Thinly sliced: World’s largest cocoa certifier approved ingredients from farms that employed children, report finds

This is the web version of a list we publish twice-weekly in our newsletter. It comprises the most noteworthy food stories of the moment, selected by our editors. Get it first here.

Fire, fire. The pair of fires ravaging California showed no sign of abating on Tuesday morning. Up north, the massive Kincade fire in Sonoma County wine country has destroyed 123 structures, including 57 homes, since starting a week ago, the Los Angeles Times reports. Multiple wineries have closed, some of them permanently. At the same time, in Los Angeles, firefighters are still struggling to contain the blaze along the 405 Freeway, near the Getty Center. With some of the strongest winds of the season expected to hit California this week, residents who fled their homes are bracing for more fear and uncertainty, while millions of others face prolonged power outages. “We’re nowhere near done with this,” Thom Porter, chief of the California Department of Forestry and Fire Protection, told the Times. “We need widespread, statewide rain before this is over.”

Scarily deceptive. Just in time for Halloween, a Washington Post investigation found that the top international entity regulating certified cocoa has “alarming” problems with its compliance reviews. Utz, a Dutch organization that audits more than two-thirds of the world’s certified cocoa, approved product from West African farms that employed children, often in dangerous conditions, and contributed to deforestation—a clear violation of its mandate. The findings reflect poorly on candy companies like Hershey, Nestlé, and Mars, who, according to the Post, have used certification to beat back accusations of supply chain abuses. “You now have to ask, ‘what is the point of “certification” of cocoa?’” said Etelle Higonnet, senior campaign director for Mighty Earth, an environmental group trying to stop deforestation. “They’re trashing the forests, and they don’t pay farmers a living income.”

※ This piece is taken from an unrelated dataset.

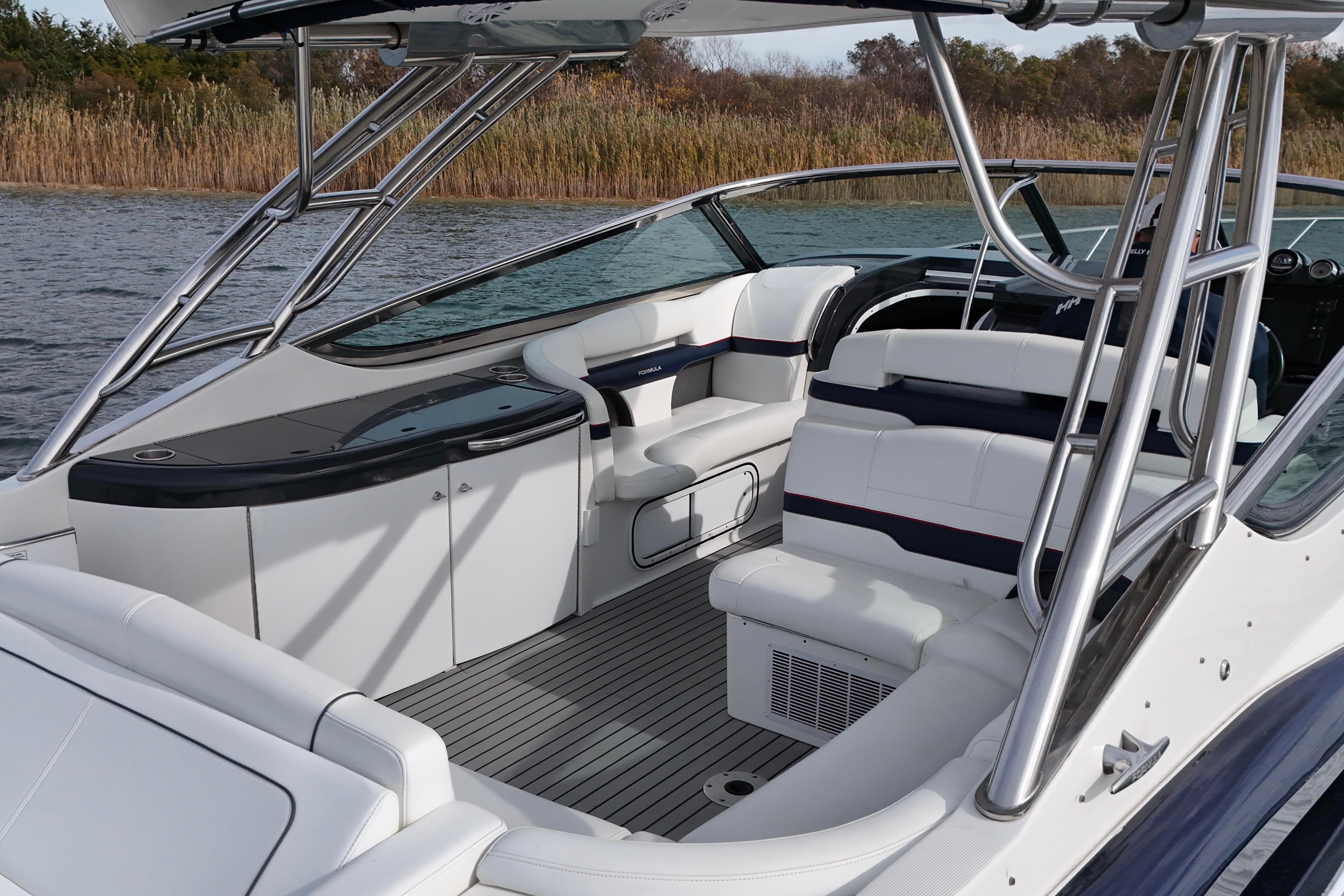 The Formula 370 Super Sport is known for its sleek profile, intelligent cockpit design, and true dual-purpose capability. The cockpit converts effortlessly for cruising, entertaining, or sun lounging, while the cabin offers the comfort needed to extend your range beyond day trips. Premium materials, refined finishes, and thoughtful ergonomics reflect Formula’s reputation for quality and performance.

Pivot to sauce pans. The marketing minds that helped define a number of memorable brands—including Everlane, Sweetgreen, Harry’s Razors, and even the CBD seltzer Recess—have burned out, Buzzfeed News reports. Their solution to that empty feeling? Design products to sell to other people who also feel beaten down, people who might easily be convinced that some nice new cookware accompanied by a culinary advice service might ease their profound sense of exhaustion. Perhaps the most demoralizing takeaway from the story: The vice president of the trend-forecasting firm that predicted the rise of wellness culture told writer Anne Helen Peterson that “burnout is the green juice of 2019.” Get ready for a wave of corporate-speak engineered to cater to your sense of malaise.

Wake and bacon. America has more bacon in cold storage than ever—40.7 million pounds of it, to be exact. This embarrassment of riches can be explained by two factors, Bloomberg reports. For one, demand for bacon, which comes from pork belly, is largely domestic, while other pork products like ham have more of a market abroad. For another, American farmers are producing more hog carcasses than ever before, hoping to supply the needs of China, which has seen millions of its pigs killed by African swine fever. The disease hasn’t reached U.S. soil yet (*knocks on wood*) but in the meantime, researchers are racing around the clock to develop a vaccine.